The tots were so precisely prepared that they wore their crunch like a level-up suit of armor, tempered and seasoned with all the skill of a medieval guild.
Wee fistfuls of crisp and fatty pastrami crumbles were thrown into the mix, but the pièce de résistance was the cheese.
This cheese (a shade of yellow-orange so specific that Pantone has probably already assigned it a number) was caught somewhere between liquid and solid so that it lay atop the bulging mound of tots like a sitcom modesty towel.
Even better was the flavor; beer whipped inside that glorious goo gave it a yeasty, pungent twang that was unexpected and scintillating.
I wanted to get a picture of the whole thing, or to at least make an Instastory chronicle of the beautiful mess as it made its way down my chin.
But, no. This time was going to be different. This was food so good that I decided to put my phone down and take a moment to just appreciate the funk.
The best of The Good Wurst
I’ve ordered online from The Good Wurst Company 10 times since then, and each time has kept me from doing something stupid on social media.
When I decided to outsource my apartment hunting to my followers and ask for neighborhood and building recommendations, instead of blasting the local chef who sent me the address of a mental health clinic, I decided to play with potatoes.
There are more than just tots at The Good Wurst Company. It’s true. There are also fries.
Second only to the Reuben tots are the schnitzel fries. They will haunt you and make your breakfast better the next morning.
What I mean by that is, I don’t feel the need to inhale them all at one go. You wouldn’t be able to, anyway; a trifecta of creams — mushroom schnitzel gravy, mayonnaise and cheese — is intimidating even to the sturdiest of bon vivants.
Save some instead for the next morning (the Frank’s Red Hot sauce squirted on top doesn’t soak them, but actually makes them better the next day) and pair them with scrambled eggs. I figured out this secret after my fourth order.
When I’d had enough of watching food influencers use their followers for “original” content (“OMG you guys, where can I get, like, a great fish taco?” “OMG you guys, check out my NEW LIST of BEST FISH TACOS IN CLT!”), I had planned to post a thundering lamentation in response. But a friend talked me down from that soapbox and told me to go eat a burger instead.
The Wurst Burger, three times over, saved me from another mistake. Perhaps because it’s just so basic. I mean, that bun — the supermarket-brand stuff of wistful childhood memories.
Lettuce, tomato, onion, pickles and cheese; I began thinking less about how an influencer might OMG-you-guys those humble ingredients and more about the poems I would write in their honor.
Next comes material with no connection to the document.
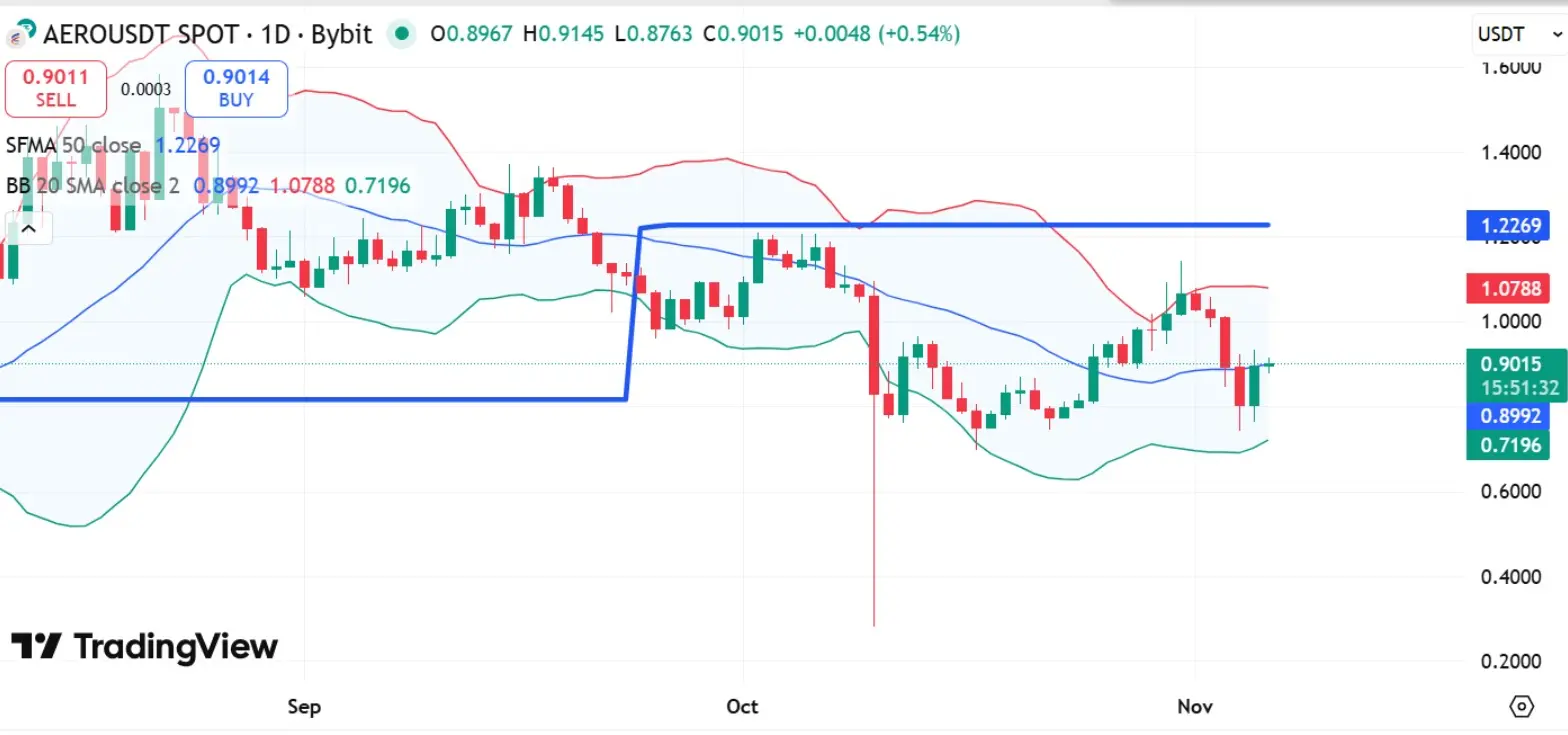 Au moment de la rédaction, AERO est échangé autour de 0,901 USD, enregistrant une augmentation de 10,43 % au cours des 24 dernières heures – un retour impressionnant après une série de jours de baisse qui a duré toute une semaine.

Single or double, but always with bacon, this burger — with a playful secret sauce dripping shamelessly about — was my comfort in isolation.
And when isolation made me question my own sanity, the endless scrolling through food fakery, shams and self-promotion causing my mouth to swell with bile and my hand to seal in an arthritic death grip around my phone; right as I began to click on Live Feed and ask anyone who would listen, “Why do I even bother?”
I remembered The Good Wurst menu and willed myself to ask instead, though only to my cat who by that point had grown curious, “Just how many schnitzels can one man eat?”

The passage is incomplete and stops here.